Under the null hypothesis the events of B are assumed to follow a non-homogeneous Poisson process. This has an intensity function λ(t). The intensity is provided by the user via the input F. If F is NULL (the default), B follows a homogeneous Poisson process under the null hypothesis. Otherwise F is interpreted as F(t) = \int_{\mbox{start}}^t λ(x) dx. The tests are invariant to any affine transformation of the input function F^*(t) = α+β F(t). Note that F=NULL is equivalent to F=function(t)t, although the latter is not recommended because the algorithm is faster if it knows the null hypothesis is homogeneous. To choose F the users are invited to estimate the non-homogeneous intensity of B via their favourite method, or try mkF which uses R's in-built density estimation. Note that the non-homogeneous Poisson assumption is a bit stronger than needed, see corresponding paper.

The procedure computes so-called cumulative response times.

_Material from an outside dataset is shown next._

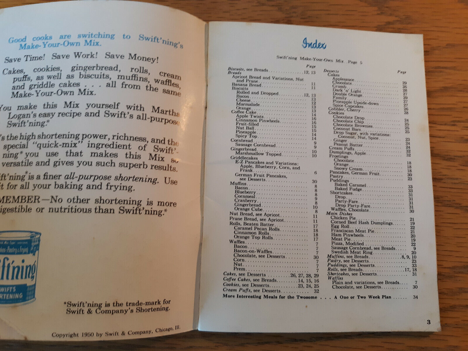 77 Recipes Using Swiftning 1950 Cookbook Cook Book Swift Martha Logan Booklet B

These are a sequence of values between 0 and 1, one for each event time in B (or each B after A[1] in the case of causes/inhibition with usebeforeA1=FALSE), which should be ordered uniform variables under the null hypothesis but ‘closer to zero’ under the alternative.

To test the cumulative response times, the user has the choice between three methods: a timeout test (see TMT.test), Fisher's method (see F.test) and Simes's test (see simes.test).

By default A and B are analysed as given. If transform=TRUE, F is first used to transform A and B so that B is homogeneous, and then the transformed processes are tested against a homogeneous null hypothesis.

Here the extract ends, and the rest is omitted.